Exercise directions -
The whole listing is to be restated word for word with no images.

Data -
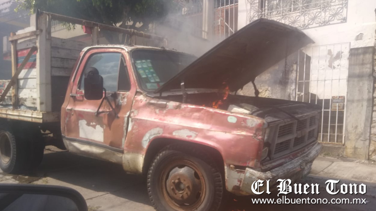 CÓRDOBA.- Una camioneta Chevrolet de redilas se incendió del motor presuntamente a causa de un cortocircuito, lo que provocó la movilización del personal de Bomberos, logrando controlar la situación en las inmediaciones de la avenida 21 y calle 9 en la colonia El Carmen.
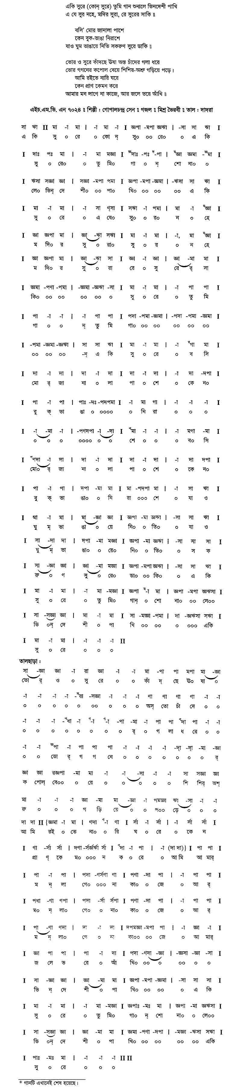 রাগঃ রমলা (নজরুলসৃষ্ট)
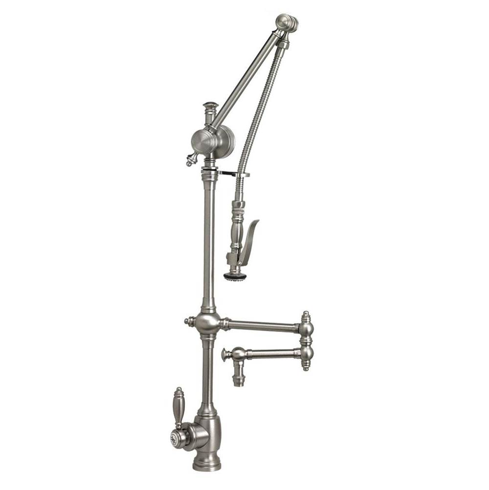 Waterstone Traditional Gantry Pulldown Faucet – 12” Articulated Spout – Satin Brass
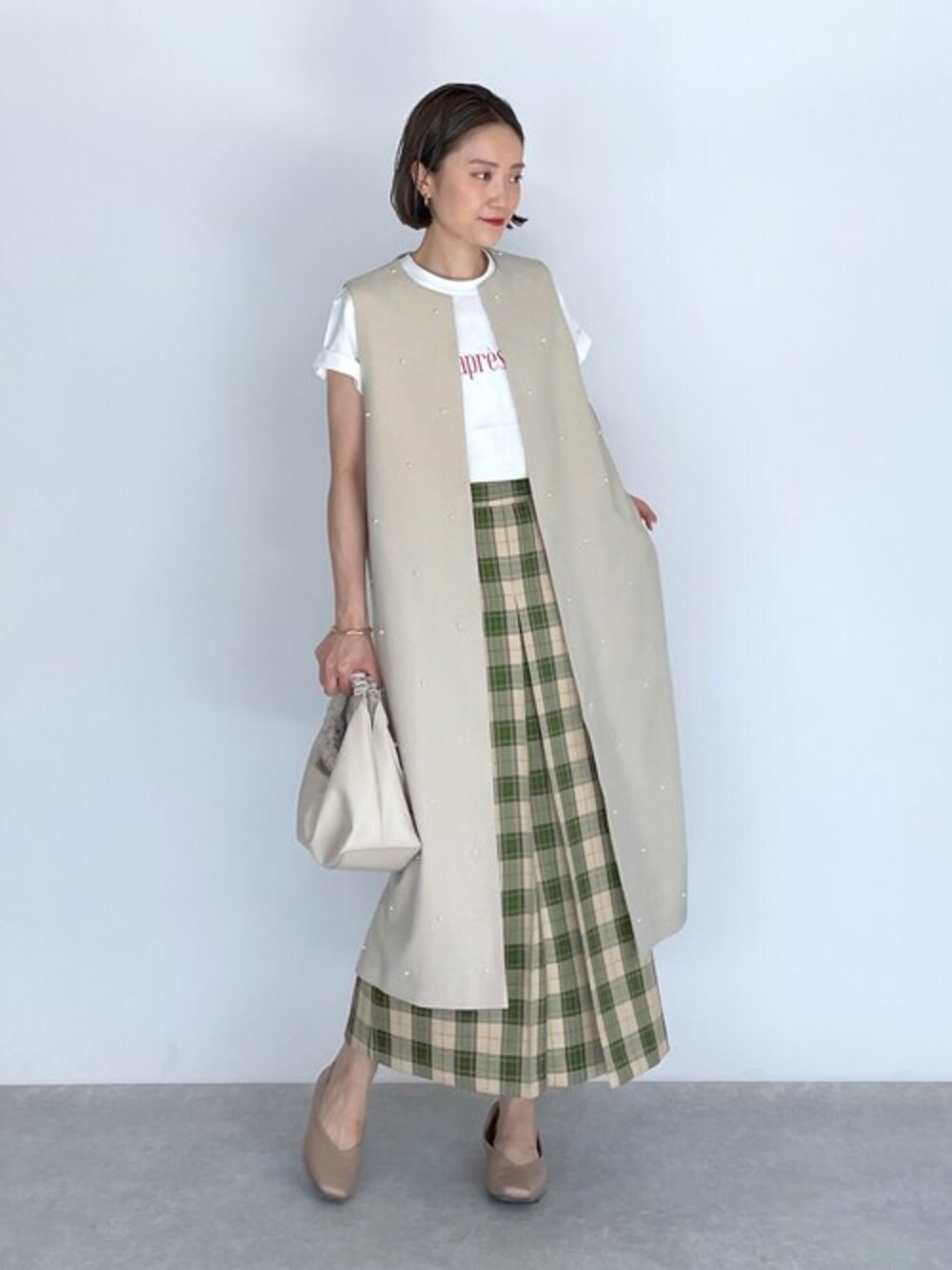 ●ジレ 小さなパールボタンが可愛く、 キレイめだけじゃなく大人のカジュアルスタイルにも活躍してくれます! 夏だけじゃなく秋口にもシアートップスなどのインナー合わせで使える1枚です♪ ●Tシャツ ガンガン使えるTシャツは赤のフロントプリントが丁度いいアクセントになって、気に入ってます♪ ●スカート 秋色な配色が可愛い!! 早くも秋物が気になる今の時期は、カラーから秋物を取り入れるのもいいですね♪ 他にもトレンドアイテムやこれから使えるアイテム等幅広いテイストをご用意しておりますので、是非覗いてみてくださいね(*^^*)
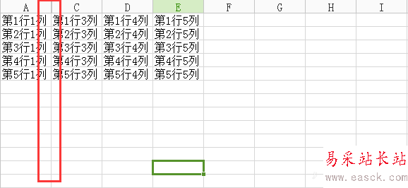 2、此時(shí),可以看到B列看不見了,行的隱藏,也是一樣,方法差不多;
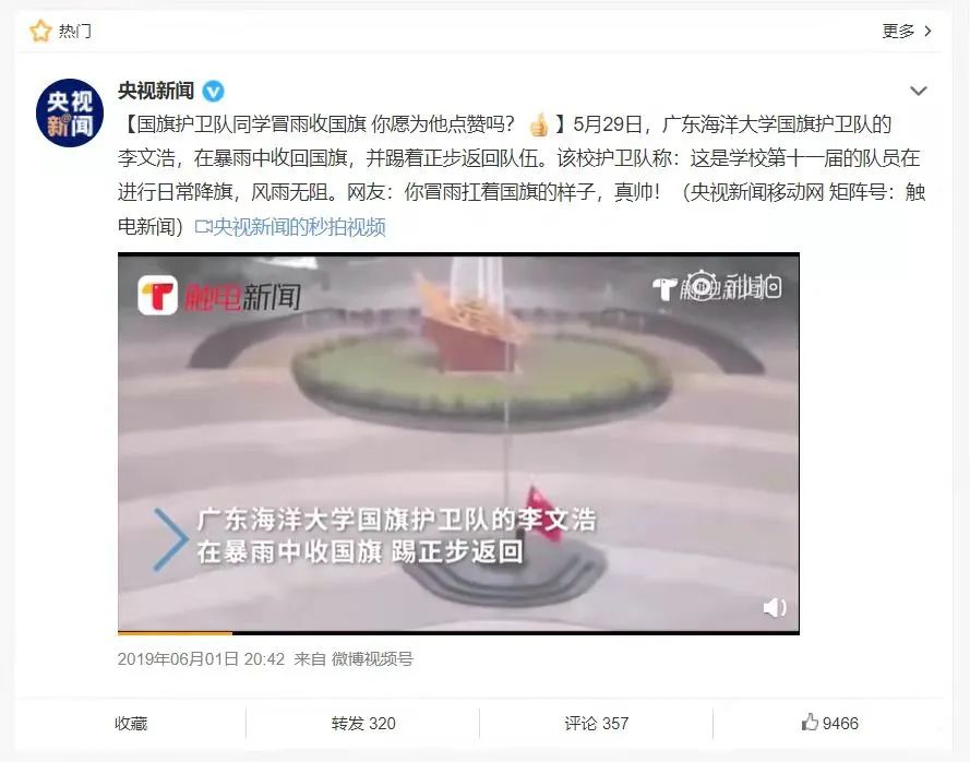 这感人的一幕引来许多人关注和点赞,并获人民日报、中国日报、央视、共青团中央等多家主流媒体报道。网友们纷纷表示,“虽然你淋雨的样子很狼狈,但是你收国旗的样子真帅!”“昨天真的感动哭了,师弟你扛着国旗的样子真是太帅了!”“五星红旗,飘扬在每个中国人心中。”“同护一面旗,共爱一个家。”“少年强,则国强!”“为你点赞,祖国在心中!”
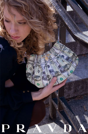 Mlada dizajnerica Lauren Tickle se dosjetila takvog koncepta i prezentirala ga ovogodišnjem njujorškom Tjednu dizajna. Propitujući i ironizirajući potrošnju kroz svoj projekt Value Exploration, maksimalno je banalizirala fetišizam potrošnje kroz ogrlicu, broš i žensku torbicu-delikatno izrađene od novčanica dolara. Riječ je o dodacima koji transformiraju mukotrpno zarađen novac u ultimativni prikaz bogatstva. Dizajnerica se pita zašto zelimo prezentirati vlastito bogatstvo i u skladu sa time, pokušava maksimalno ogoliti stvarnu ekonomsku vrijednost novca. Predstavlja novo značenje gdje novac postaje samo dekorativni papir i manipulirani grafički dizajn.
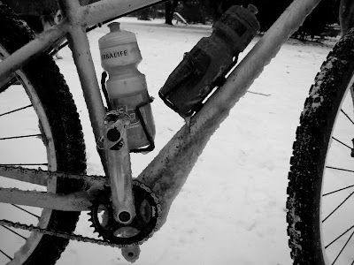 By the time I hit the entrance to the Lake Loop I could not figure out if it had been twenty minutes or two hours since I started the trail portion of my excursion. According to my time piece it had been just under an hour and a half, around about thirty minutes more time than it normally takes to get through the entire 11 mile loop. The Lake Loop offered at least three more crashes before getting to the little big creek crossing dip and out. There were two kids sledding the trail there. They were the only humans other than the mustached CC runner running towards me in the drift that I saw all day. Finally out of there and on my way back to Dooleyville with an apple in hand and mouth pedaling the frozen tundra of Lower Rocky River. The tires crunching different now for the remaining 6 happy lonely miles back to the homestead. I missed the 3.5 hour window by twenty five minutes, the delinquency no doubt caused by the wintry condition of the surface which I never get to see here in Charlotte.
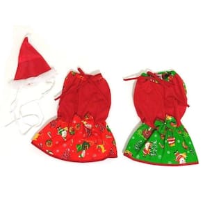 - Ideal para o Verão; - Corpo, confeccionado em malha PV, na cor vermelha; - Saia, confeccionada em tricoline de estampas variadas de Natal; - Acabamento em viés na cor vermelha; - Laço confeccionado no tecido da saia; - Modelo prático e leve para o seu pet; Tamanho P: Medidas Aproximadas: 31 cm de comprimento/costas, 38 cm de circunferência tórax/peito e 23 cm de circunferência pescoço. - Gorro confeccionado em tecido bember na cor vermelha; - Acabamento em pelúcia na cor branca; - Fita de cetim que passa entre as orelhas para proporcionar mais conforto ao animal e fixação do produto sobre a cabeça; - Ideal para animais de pequeno, médio e grande porte. Tamanhos: P - Circunferência 24 cm altura 16 cm. Kit acompanha 2 vestidos tamanho P + um gorro tamanho P. O tecido é leve e confortável e não aquece o cão, pode ser em dias de verão, porém caso esteja muito sol não recomendamos nenhuma vestimenta na sua cachorrinha. Marca: Não Informado
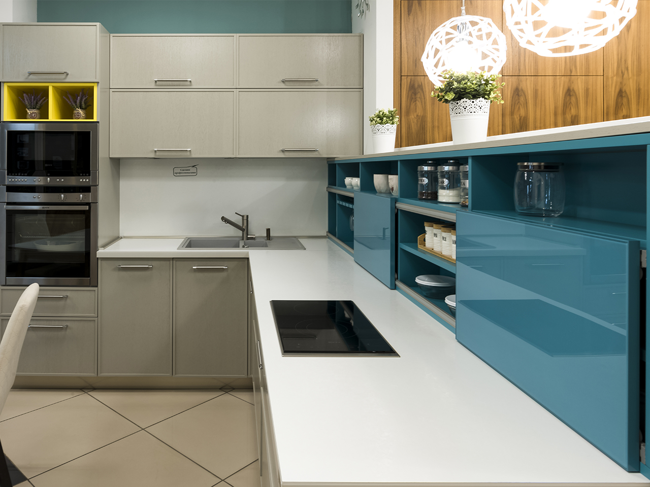 Открытые полки:  МДФ в матовой эмали с 2-х сторон. Цвета RAL 1018 жёлтый, RAL 5018 бирюзово-синий

Expected answer -
 CÓRDOBA.- Una camioneta Chevrolet de redilas se incendió del motor presuntamente a causa de un cortocircuito, lo que provocó la movilización del personal de Bomberos, logrando controlar la situación en las inmediaciones de la avenida 21 y calle 9 en la colonia El Carmen.
 রাগঃ রমলা (নজরুলসৃষ্ট)
 Waterstone Traditional Gantry Pulldown Faucet – 12” Articulated Spout – Satin Brass
 ●ジレ 小さなパールボタンが可愛く、 キレイめだけじゃなく大人のカジュアルスタイルにも活躍してくれます! 夏だけじゃなく秋口にもシアートップスなどのインナー合わせで使える1枚です♪ ●Tシャツ ガンガン使えるTシャツは赤のフロントプリントが丁度いいアクセントになって、気に入ってます♪ ●スカート 秋色な配色が可愛い!! 早くも秋物が気になる今の時期は、カラーから秋物を取り入れるのもいいですね♪ 他にもトレンドアイテムやこれから使えるアイテム等幅広いテイストをご用意しておりますので、是非覗いてみてくださいね(*^^*)
 2、此時(shí),可以看到B列看不見了,行的隱藏,也是一樣,方法差不多;
 这感人的一幕引来许多人关注和点赞,并获人民日报、中国日报、央视、共青团中央等多家主流媒体报道。网友们纷纷表示,“虽然你淋雨的样子很狼狈,但是你收国旗的样子真帅!”“昨天真的感动哭了,师弟你扛着国旗的样子真是太帅了!”“五星红旗,飘扬在每个中国人心中。”“同护一面旗,共爱一个家。”“少年强,则国强!”“为你点赞,祖国在心中!”
 Mlada dizajnerica Lauren Tickle se dosjetila takvog koncepta i prezentirala ga ovogodišnjem njujorškom Tjednu dizajna. Propitujući i ironizirajući potrošnju kroz svoj projekt Value Exploration, maksimalno je banalizirala fetišizam potrošnje kroz ogrlicu, broš i žensku torbicu-delikatno izrađene od novčanica dolara. Riječ je o dodacima koji transformiraju mukotrpno zarađen novac u ultimativni prikaz bogatstva. Dizajnerica se pita zašto zelimo prezentirati vlastito bogatstvo i u skladu sa time, pokušava maksimalno ogoliti stvarnu ekonomsku vrijednost novca. Predstavlja novo značenje gdje novac postaje samo dekorativni papir i manipulirani grafički dizajn.
 By the time I hit the entrance to the Lake Loop I could not figure out if it had been twenty minutes or two hours since I started the trail portion of my excursion. According to my time piece it had been just under an hour and a half, around about thirty minutes more time than it normally takes to get through the entire 11 mile loop. The Lake Loop offered at least three more crashes before getting to the little big creek crossing dip and out. There were two kids sledding the trail there. They were the only humans other than the mustached CC runner running towards me in the drift that I saw all day. Finally out of there and on my way back to Dooleyville with an apple in hand and mouth pedaling the frozen tundra of Lower Rocky River. The tires crunching different now for the remaining 6 happy lonely miles back to the homestead. I missed the 3.5 hour window by twenty five minutes, the delinquency no doubt caused by the wintry condition of the surface which I never get to see here in Charlotte.
 - Ideal para o Verão; - Corpo, confeccionado em malha PV, na cor vermelha; - Saia, confeccionada em tricoline de estampas variadas de Natal; - Acabamento em viés na cor vermelha; - Laço confeccionado no tecido da saia; - Modelo prático e leve para o seu pet; Tamanho P: Medidas Aproximadas: 31 cm de comprimento/costas, 38 cm de circunferência tórax/peito e 23 cm de circunferência pescoço. - Gorro confeccionado em tecido bember na cor vermelha; - Acabamento em pelúcia na cor branca; - Fita de cetim que passa entre as orelhas para proporcionar mais conforto ao animal e fixação do produto sobre a cabeça; - Ideal para animais de pequeno, médio e grande porte. Tamanhos: P - Circunferência 24 cm altura 16 cm. Kit acompanha 2 vestidos tamanho P + um gorro tamanho P. O tecido é leve e confortável e não aquece o cão, pode ser em dias de verão, porém caso esteja muito sol não recomendamos nenhuma vestimenta na sua cachorrinha. Marca: Não Informado
 Открытые полки:  МДФ в матовой эмали с 2-х сторон. Цвета RAL 1018 жёлтый, RAL 5018 бирюзово-синий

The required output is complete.